The Bottom Line:
On July 14, 2011, Governor Lincoln Chafee signed a new law securing all general obligation bonds and notes issued by every city, town and district in Rhode Island – including bonds and notes already outstanding, thus advancing municipal bondholders ahead of all other creditors, including in particular pensions. (2011 – S 0614, amending Sections 45-12-1 and 45-12-22.4 of the Rhode Island General Laws Chapter 45-12, “Indebtedness of Towns and Cities.”).
The Rhode Island statute and the expected challenge in Central Falls’ chapter 9 case have national significance. The nationwide unfunded pension liabilities of state and local governments have been estimated at over $3 trillion. In the winter of 2011, Republican politicians such as Newt Gingrich, Jeb Bush and Texas Senator John Cornyn floated the idea of a federal statute that would allow states to file for bankruptcy for the purpose of rejecting labor and pension agreements. The idea of a federal statute died quickly, but the Rhode Island statute represents another front in the political conflict between retirees and state and local governments. The Rhode Island battle lines were themselves interesting – the statute was proposed by Senator Daniel DaPonte, a Democrat, at the request of Governor Chafee, an independent, and opposed by the Rhode Island League of Cities and Towns, which advocates on behalf of the state’s 39 municipalities.
If the statute is upheld, other states may follow suit. The chapter 9 bankruptcy of Central Falls, Rhode Island, which prompted the statute, will likely see constitutional and bankruptcy challenges to the statute. This blog post predicts and analyzes those challenges.
The statute pledges all ad valorem taxes and general revenues of every municipality to secure its bonds and notes. It also requires each municipality to appropriate funds for the timely payment of bonds and notes and further provides that any sum not appropriated shall be automatically added to the municipality’s annual tax levy and then applied to payment of bonds or notes.

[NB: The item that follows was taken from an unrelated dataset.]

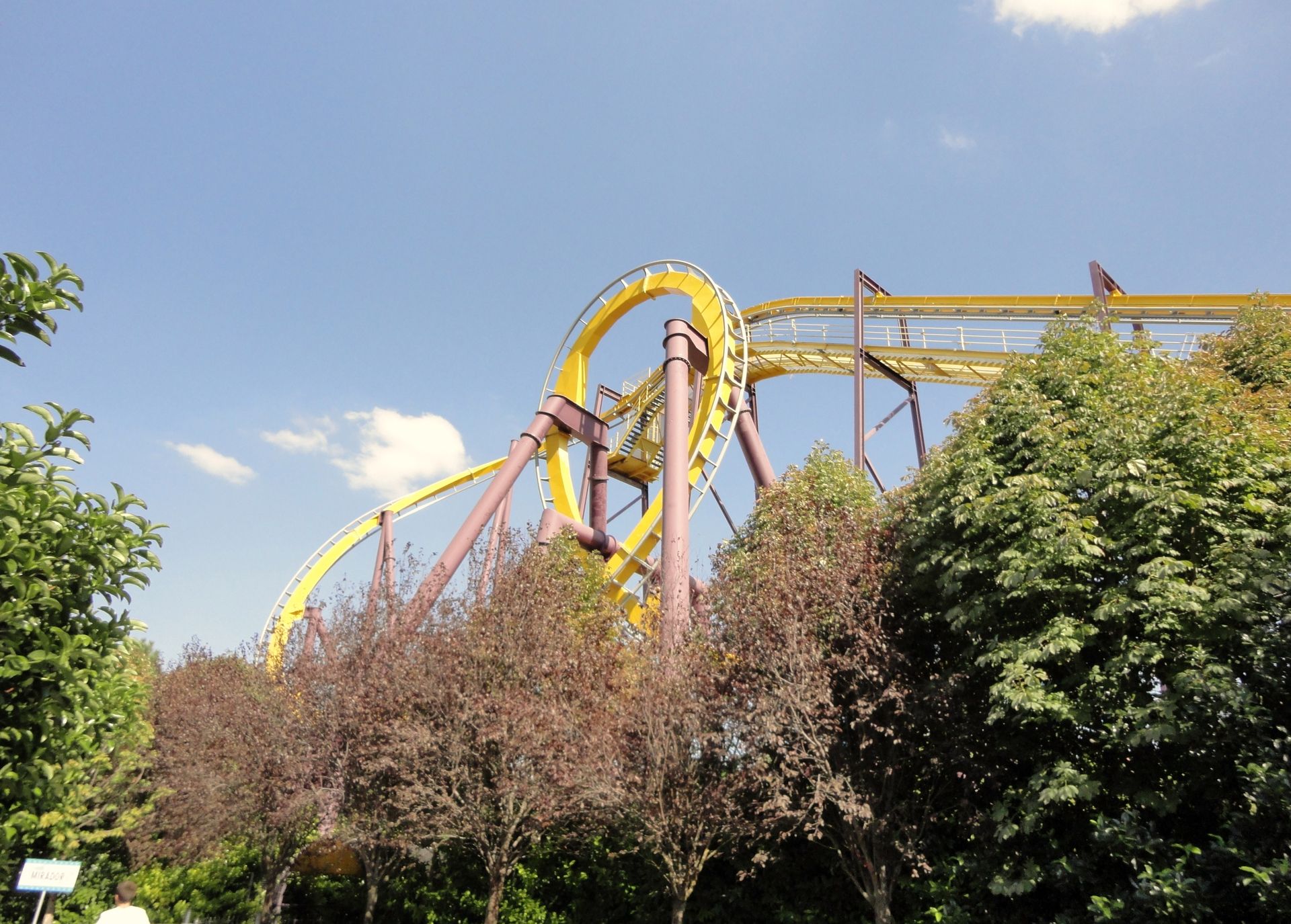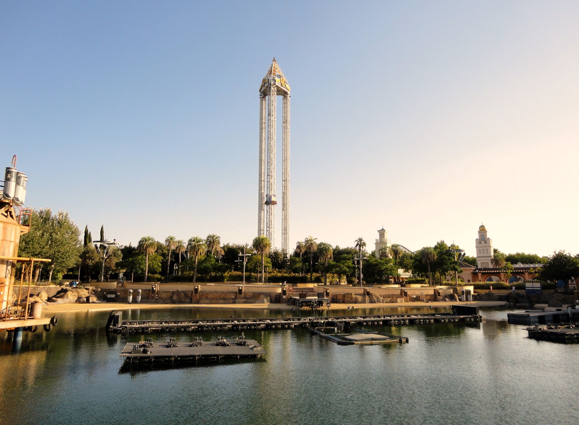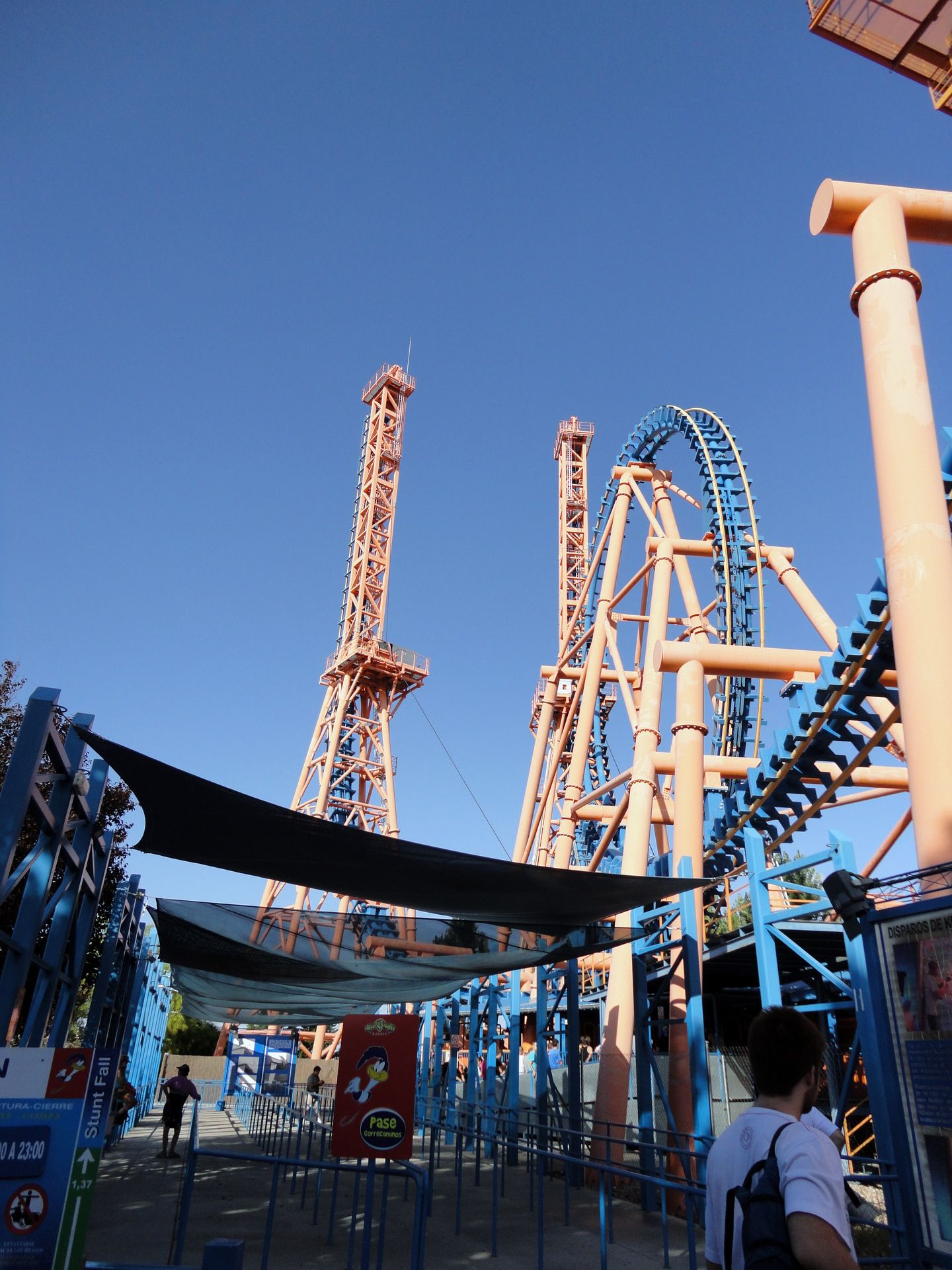 Schon am Weg von der Bahnstation zum Parkeingang sahen wir das Highlight des Parks auf der linken Seite - die Stuntfall Bahn. Eine Bahn, die uns im weiteren Verlauf des Tages noch Kopfzerbrechen bereitete. Da die Bahn aber für uns das Highlight des Parks ist, wollten wir sie am Ende fahren und durchliefen den Park gegen den Uhrzeigersinn.

Finally, the statute provides that any municipal officer who intentionally violates the statute will be personally liable to the municipality for any amounts not used to pay bonds or notes. It is not clear why the officer’s liability runs to the municipality (which presumably wants him or her not to pay the bonds) as opposed to the bondholders.
The statute aimed to increase the creditworthiness of municipal bonds and decrease the relative rights of retired workers. It specifically prohibits any municipality from selling a long-term bond to fund pension obligations or other post-employment benefits without prior approval by the state auditor general and director of the state department of revenue.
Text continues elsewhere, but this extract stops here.